EXERCISE INSTRUCTIONS. The output should be the listing below, limited to the lines from the one with "甘酸っぱいアサイーと濃厚バナ" through the one with "居家必備微波爐其實都係製作乾", exact and without pictures.

AVAILABLE RECORDS.
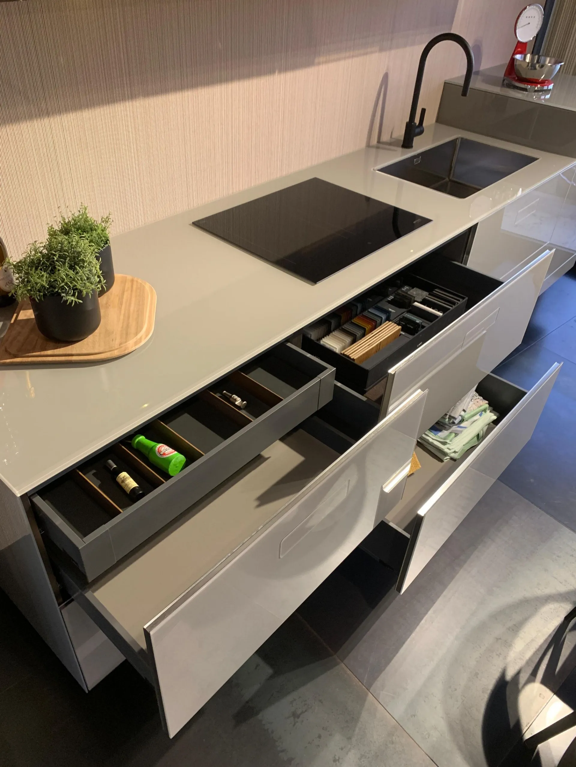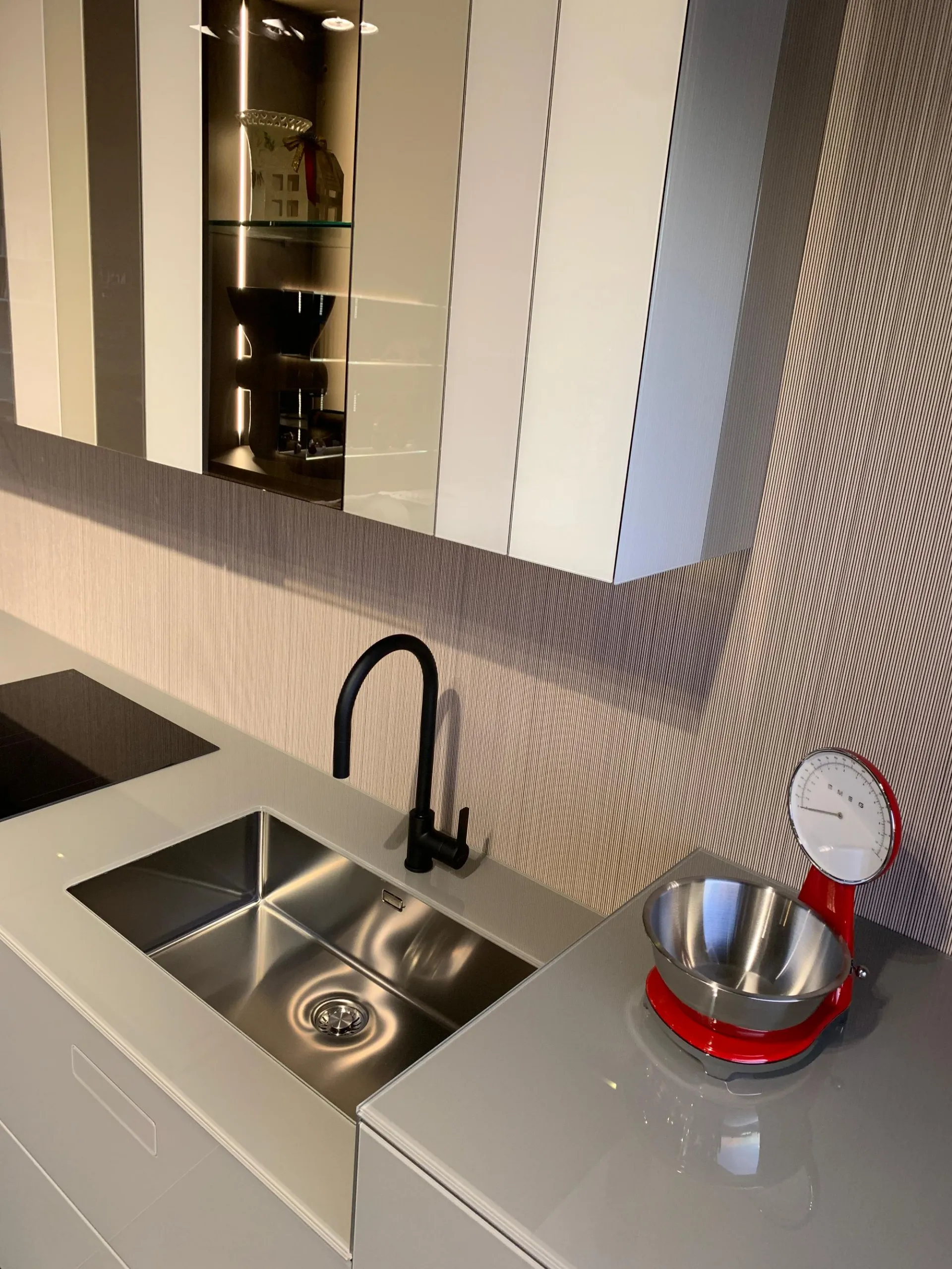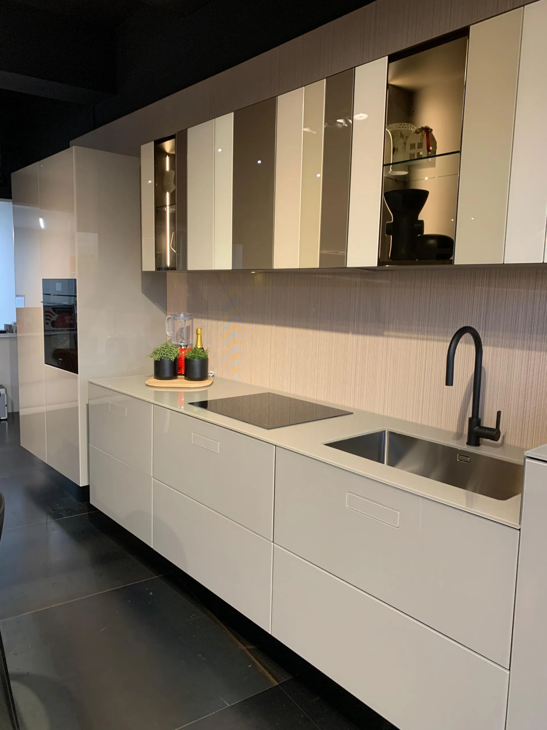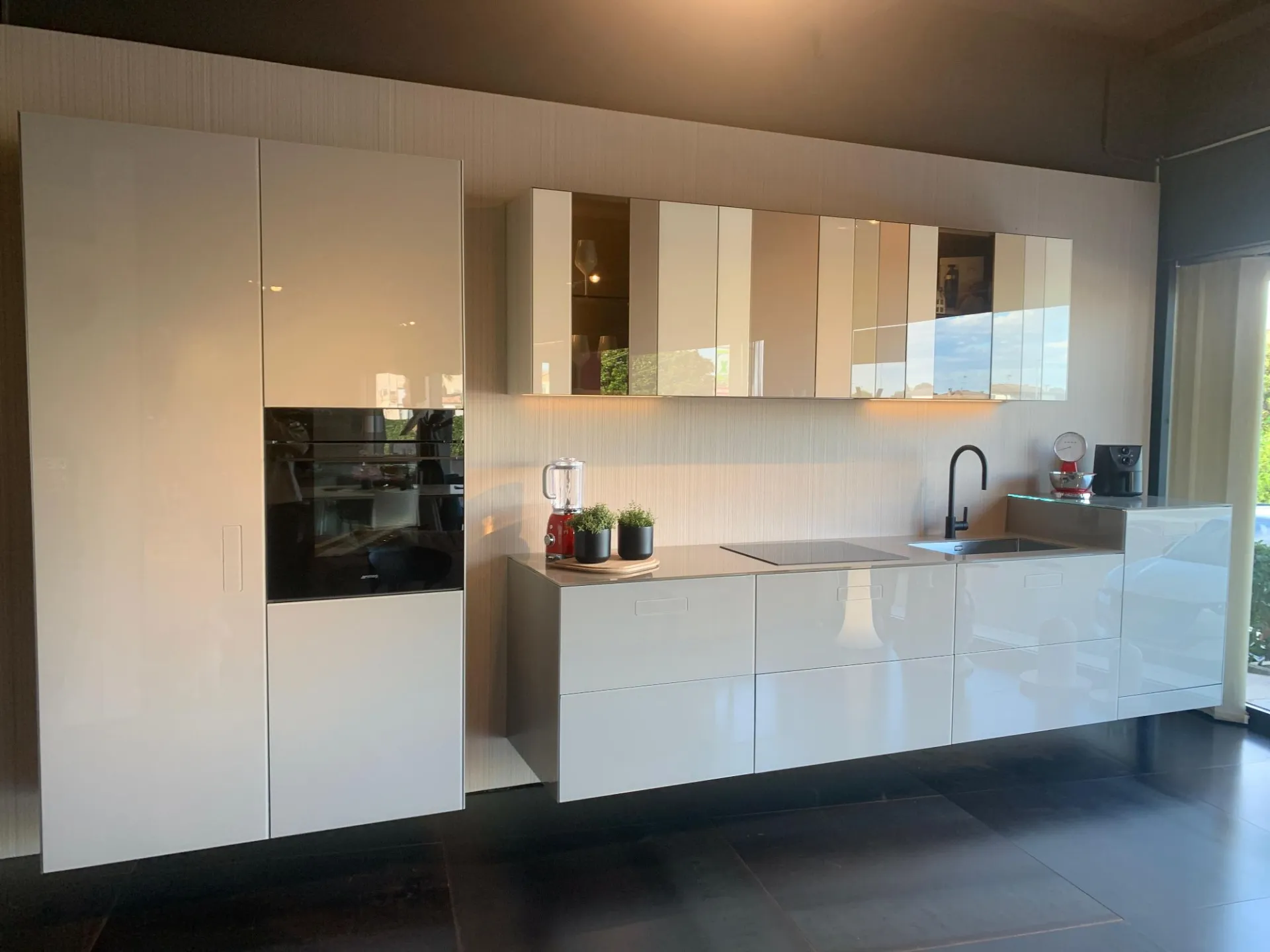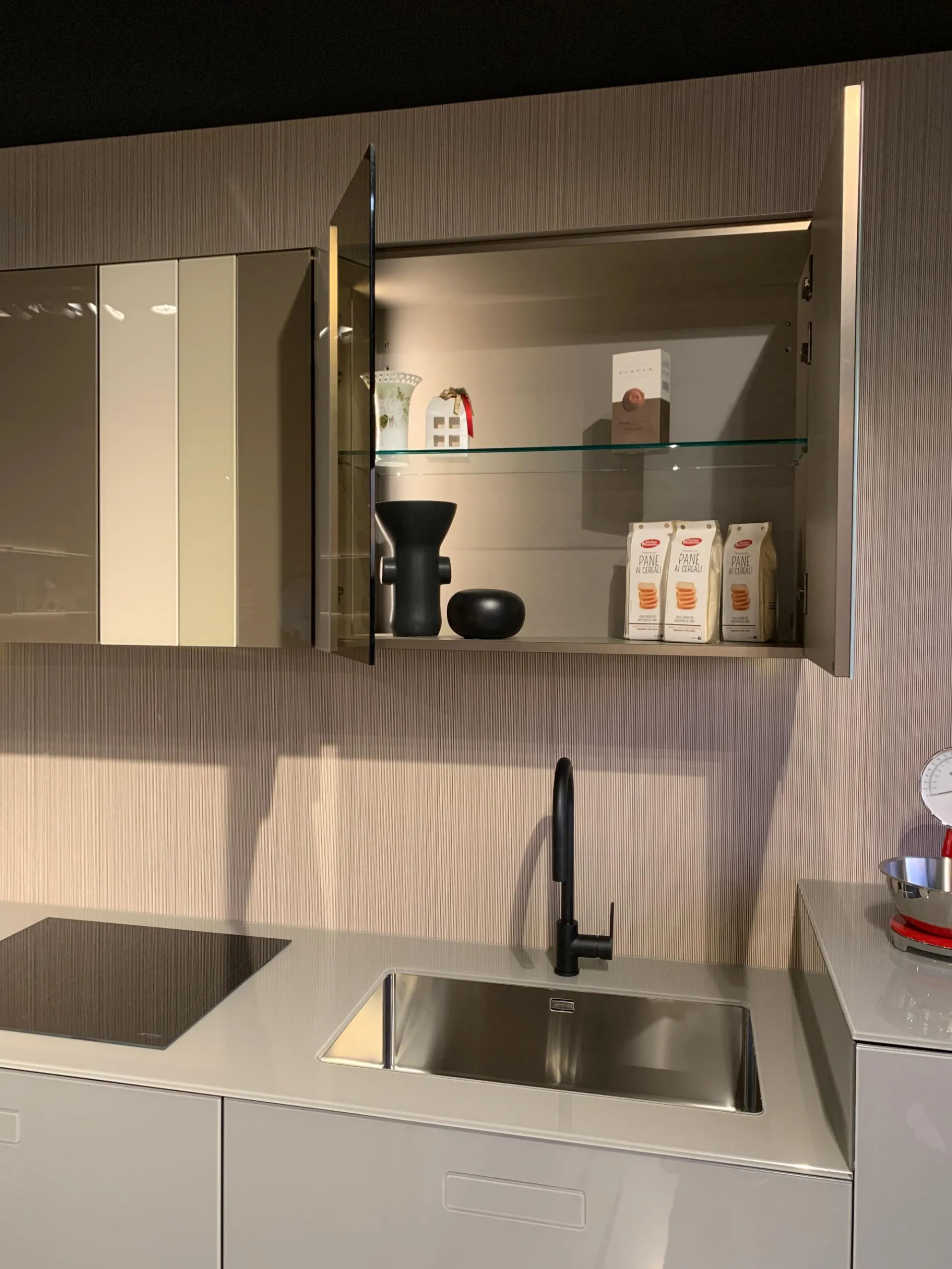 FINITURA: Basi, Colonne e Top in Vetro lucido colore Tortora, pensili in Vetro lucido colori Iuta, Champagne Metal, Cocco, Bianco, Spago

* * *

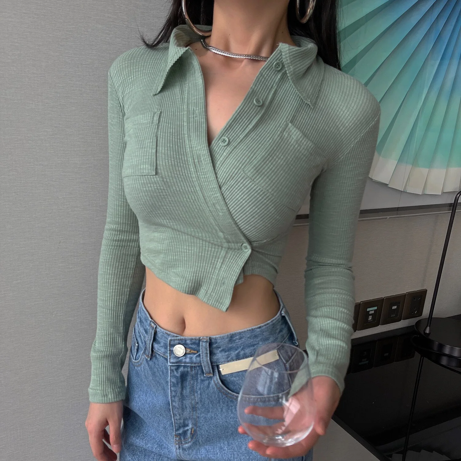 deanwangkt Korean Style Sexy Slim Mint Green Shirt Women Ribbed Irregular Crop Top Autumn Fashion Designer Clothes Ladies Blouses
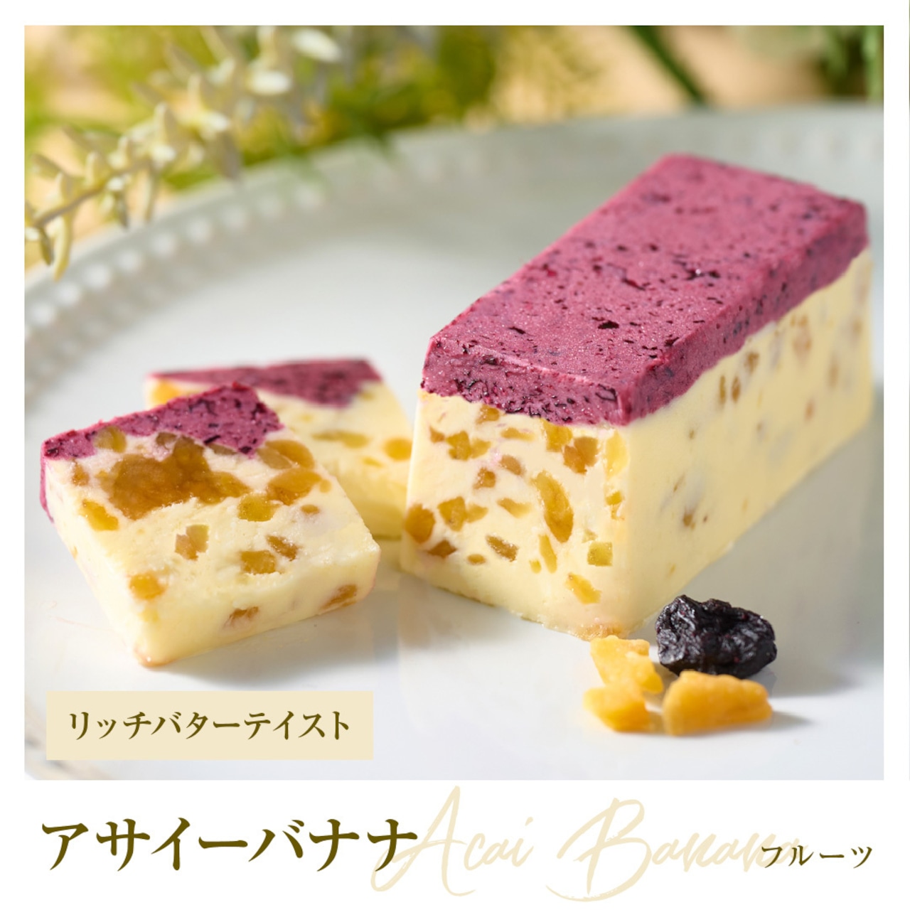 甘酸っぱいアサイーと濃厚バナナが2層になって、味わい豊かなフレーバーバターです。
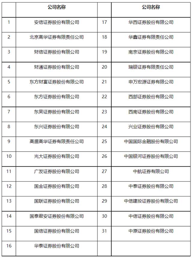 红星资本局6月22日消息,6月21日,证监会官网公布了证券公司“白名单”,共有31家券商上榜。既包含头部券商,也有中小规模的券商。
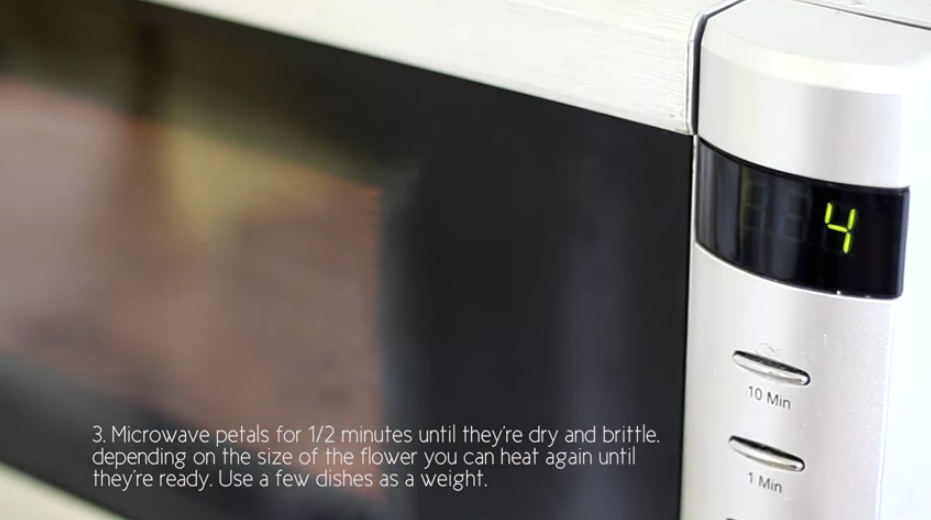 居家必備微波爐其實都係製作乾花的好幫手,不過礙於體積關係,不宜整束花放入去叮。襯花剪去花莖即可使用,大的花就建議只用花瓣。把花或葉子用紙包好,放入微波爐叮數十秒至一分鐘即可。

--

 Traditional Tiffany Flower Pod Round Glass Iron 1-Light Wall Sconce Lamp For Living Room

SOLUTION FOR THIS PROBLEM.
 甘酸っぱいアサイーと濃厚バナナが2層になって、味わい豊かなフレーバーバターです。
 红星资本局6月22日消息,6月21日,证监会官网公布了证券公司“白名单”,共有31家券商上榜。既包含头部券商,也有中小规模的券商。
 居家必備微波爐其實都係製作乾花的好幫手,不過礙於體積關係,不宜整束花放入去叮。襯花剪去花莖即可使用,大的花就建議只用花瓣。把花或葉子用紙包好,放入微波爐叮數十秒至一分鐘即可。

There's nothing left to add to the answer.